Despite what we think, God is labouring hard for our salvation. At the very moment when Adam and Eve fell, God has already set in motion our salvation for He wants all to be saved in, by and through Jesus Christ His Son.

Now, coming back to this panoramic portrait of God’s desiring to save mankind and the world, the picture is pleasantly positive. It is an endeavour of epic proportion. And yet, there is a fact which we frequently do not take into account in this big picture of salvation. This fact is not a proof of God’s powerlessness but rather directs our attention to a certain logic which says that salvation must be worked out in the heart of man—for there is an ongoing war for his soul. We have, for the longest time, lived the delusion that the Devil is nothing more than a figment of our imagination. In a way, he is, if you watch some of the horror movies. The graphic depiction of the devil has not scared us into a fear of him but rather lured some into a fascination with evil and the occult. Maybe you understand why the universal Church has asked of us to recite the prayer to the Archangel St Michael at the end of the Mass—a prayer arising from our belated realisation and recognition that in the salvation of the world, the devil is relentless in his quest to thwart the will of God for the world.

In conclusion, there is a cost or a price to be paid and we ought to count the cost. The more we embrace God’s will, the more the devil will attempt to derail our decision and destroy our desire. A person on the road to perdition will readily encounter a road without obstacles. And this brings me to the second point, that is, the acceptance of God’s will requires a perspective that must venture beyond the material. Presently, we all associate health or wealth as God’s blessing and consider infirmity or poverty as God’s displeasure. But the saints have taught us that God’s will is always benevolent even if it does not seem so. My God, I do not know what must come to me today.
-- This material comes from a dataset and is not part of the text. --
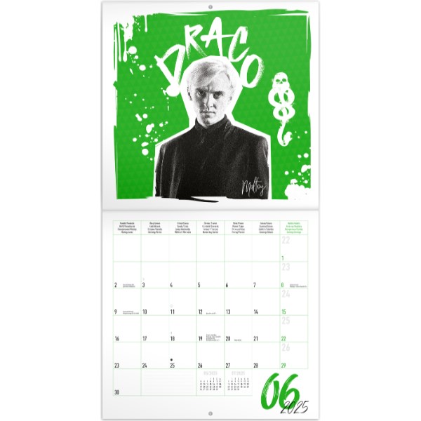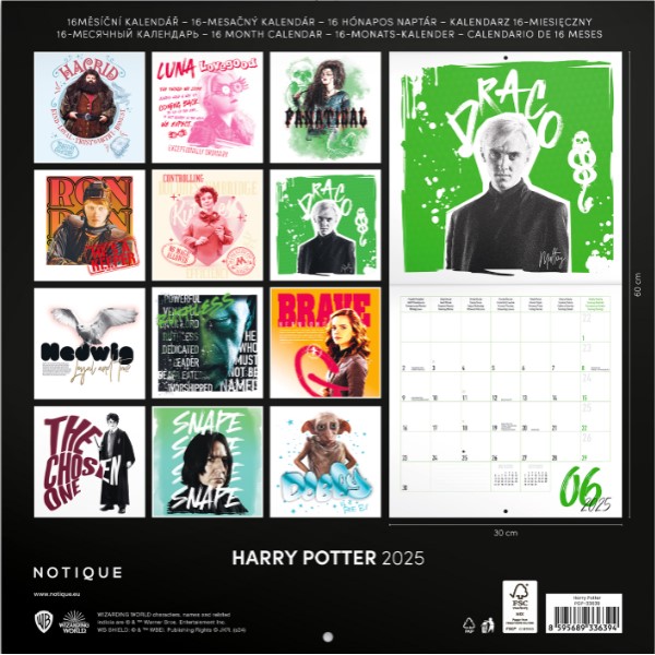 Poznámkový kalendář s dvanácti fotografiemi oblíbených hrdinů z kouzelnického světa.

But I am certain that nothing can happen to me that you have not foreseen, decreed, and ordained from eternity. That is sufficient for me. I adore your impenetrable and eternal designs, to which I submit with all my heart. I desire, I accept them all, and I unite my sacrifice to that of Jesus Christ, my divine Saviour. I ask in His name and through His infinite merits, patience in my trials, and perfect and entire submission to all that comes to me by your good pleasure. Amen (by St Joseph Pignatelli)

The idea of changing the world and converting it to Christ is certainly captivating and unquestionably urgent in scope. Yet, accepting the will of God reveals that the world can only be converted soul by soul, for the hearts of men, women and children are the arenas where the contest for souls takes place and it begins not out there but in here, in the heart of the individual. Salvation is never of “all of us” but “each one of us”.